COOKING
81
A HEARTY APPETIZER
Kathleen Fredrick and her family are a cultural blend of
French, English, and Czechoslovakian heritage. Her
family is big on tradition. Her parents and siblings
usually gather for Christmas morning brunch and then dinner.
Fredrick is a masterful organizer and cook. She prepares
much of the family’s holiday meal, but in addition, she usually
prepares something delicious to give as gifts to friends.

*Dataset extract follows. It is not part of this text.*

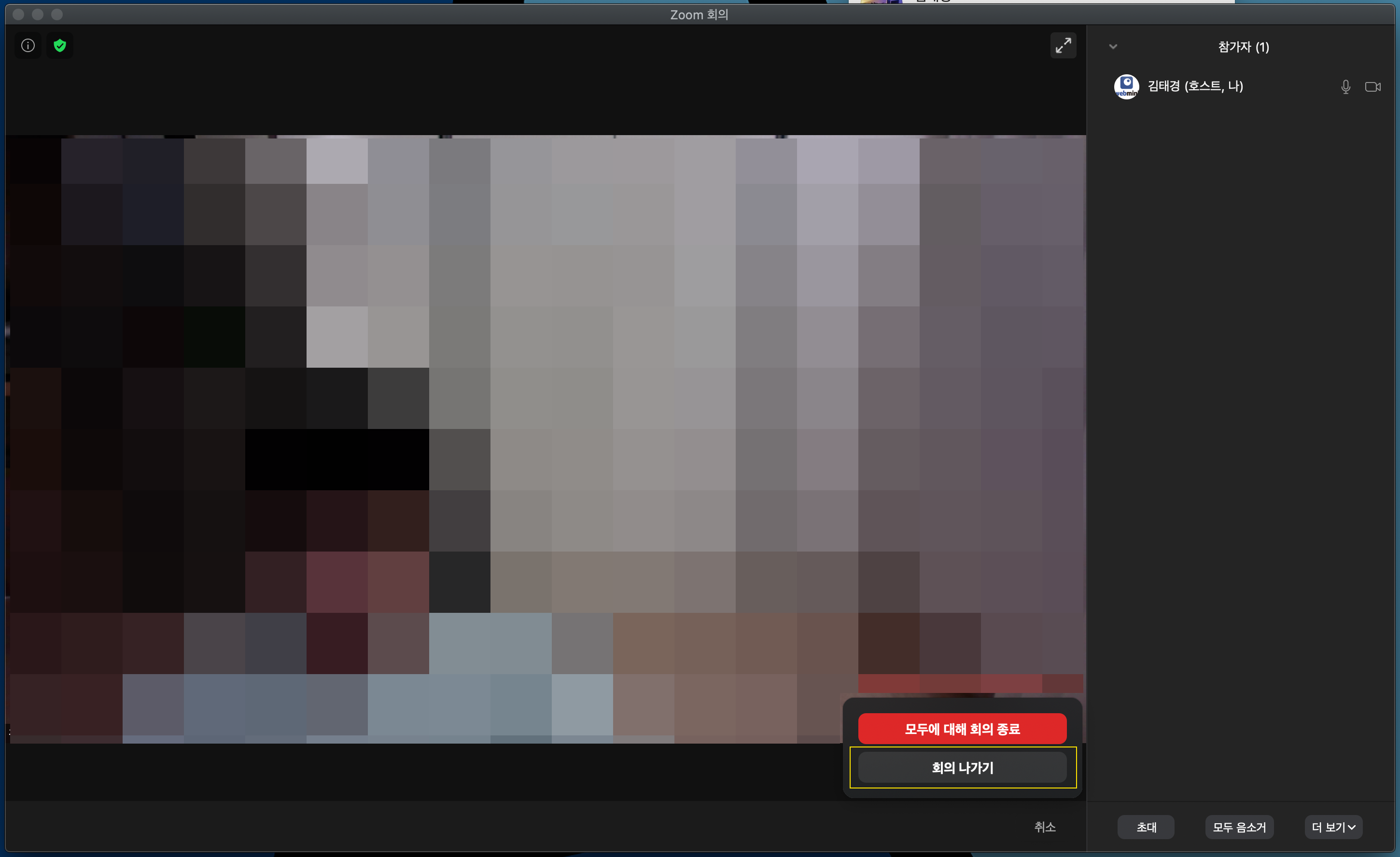 주의 사항은 '모두에 대해 회의 종료'를 할경우 새로 회의실을 만들어야함으로 공유됐던 링크와 아이디가 바뀌오니, 앞으로도 계속 그 회의를 유지 하실거면 '회의 나가기'를 하셔야합니다.

Fredrick’s chicken pâté is a hearty appetizer that is a welcomed
addition to the holiday table. “This pâté is silkysmooth,
inexpensive and simple to make. It makes a wonderful
holiday gift, hostess gift and is perfect at any cocktail
party,” she says. “Best of all it freezes for up to 6 months
with no loss of flavor or texture.”
CHICKEN LIVER PATÉ
1 lb. chicken livers, well trimmed of any
fibers (use a pair of sharp scissors for
this task)
1 sm. onion, thinly sliced
1 lg. garlic clove, peeled and smashed
2 nice fresh bay leaves
½ tsp. dried thyme leaves (if the thyme
is over 4 months old, buy some fresh
thyme)
Kosher salt
1 c. water – more or less to just cover
3 sticks of unsalted butter at room temp
2 Tbs. Cognac
2 tsp. freshly,fine ground pepper
In a medium sauce pan, combine
trimmed chicken livers, sliced onion,
garlic, thyme, bay leaves and 1 teaspoon
Kosher salt. Add the water to just
barely cover the livers. Bring to a simmer.
Cover and reduce heat to low and
cook, stirring occasionally, until livers
are barely pink inside, about 5 minutes.
Do not allow the livers to boil. Remove
from heat and allow to stand, covered,
for 5 minutes.
Discard bay leaves. Using a slotted
spoon, transfer the livers, onion and the
garlic to a food processor. Process until
coarsely pureed.With the machine running,
add the butter, half a stick at a
time until well incorporated. Process for
3 minutes.
Add cognac, ½ teaspoon salt and
pepper. Process for 3 minutes.
Pass liver puree through a fine
meshed sieve to remove any fibers
remaining. Use a rubber spatula to press
paté through. Discard any fibers from
sieve. The paté should be mousse-like
and velvety smooth.
Pour puree into ramekins, bowls or
other desired container. Press plastic
wrap directly on the surface and wrap
tightly. Refrigerate until firm. Double
wrap ramekins in foil and place in
freezer until ready to serve.
Thaw overnight in a refrigerator and
allow to sit at room temperature for 30
minutes before serving.
Serve with toasted baguette slices,
Melba toast or water crackers. The
cracker should not compete with
the paté.
Known by her friends for her gourmet dishes, Kathleen Fredrick is more
widely recognized as the director of the A.E. Backus Gallery & Museum.